Cross-Modal Deep Metric Learning for Time Series Anomaly Detection
- URL: http://arxiv.org/abs/2509.12540v1
- Date: Tue, 16 Sep 2025 00:43:00 GMT
- Title: Cross-Modal Deep Metric Learning for Time Series Anomaly Detection
- Authors: Wei Li, Zheze Yang,
- Abstract summary: We propose an anomaly detection method based on cross-modal deep metric learning.<n> Experimental results demonstrate that the proposed method accurately classifies time series data with different attributes.

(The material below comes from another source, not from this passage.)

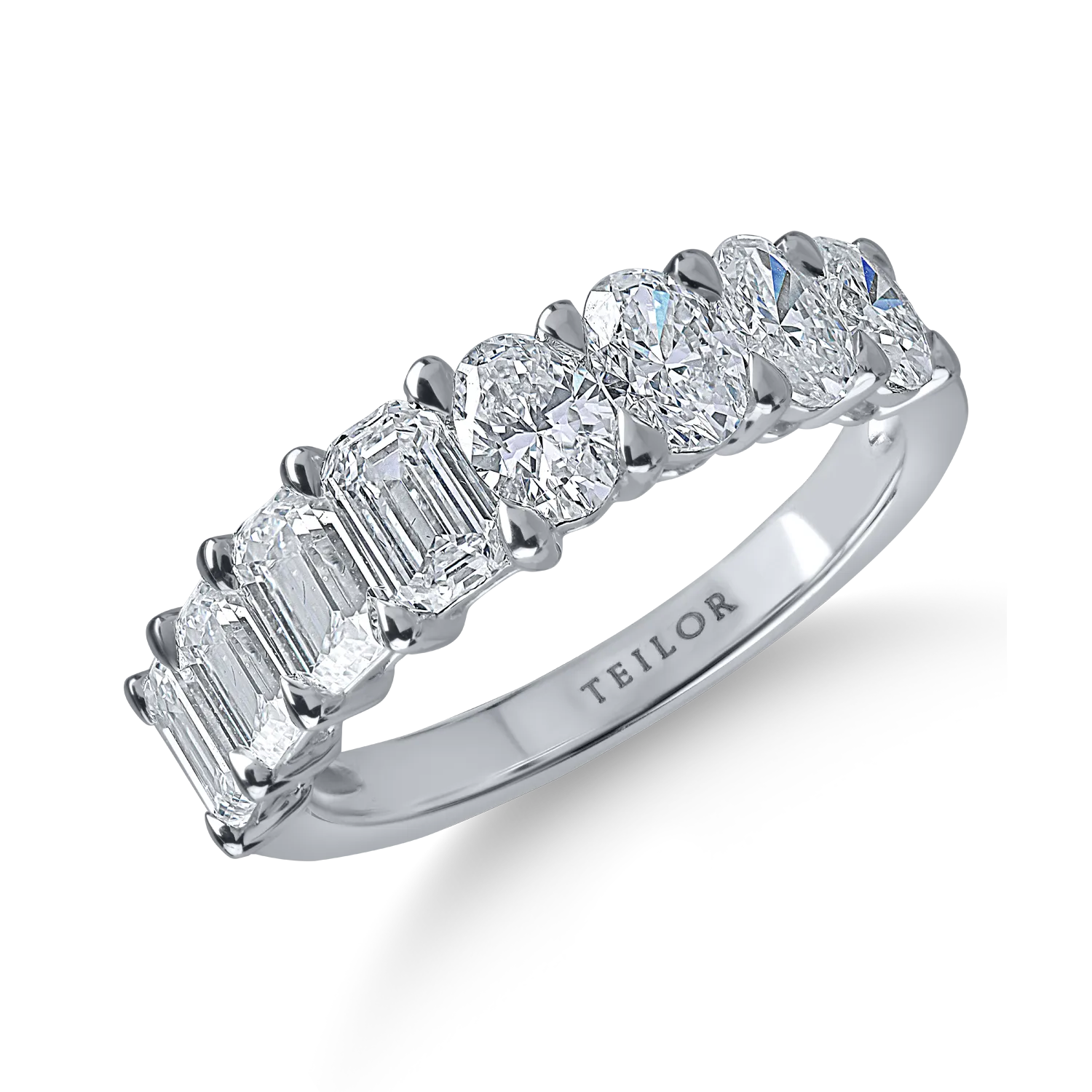 Inel semieternity din aur alb cu diamante emerald si ovale de 2.2ct

- Score: 2.9231343532064877
- License: http://arxiv.org/licenses/nonexclusive-distrib/1.0/
- Abstract: To effectively address the issues of low sensitivity and high time consumption in time series anomaly detection, we propose an anomaly detection method based on cross-modal deep metric learning. A cross-modal deep metric learning feature clustering model is constructed, composed of an input layer, a triplet selection layer, and a loss function computation layer. The squared Euclidean distances between cluster centers are calculated, and a stochastic gradient descent strategy is employed to optimize the model and classify different time series features. The inner product of principal component direction vectors is used as a metric for anomaly measurement. The von Mises-Fisher (vMF) distribution is applied to describe the directional characteristics of time series data, and historical data is used to train and obtain evaluation parameters. By comparing the principal component direction vector of actual time series data with the threshold, anomaly detection is performed. Experimental results demonstrate that the proposed method accurately classifies time series data with different attributes, exhibits high sensitivity to anomalies, and achieves high detection accuracy, fast detection speed, and strong robustness.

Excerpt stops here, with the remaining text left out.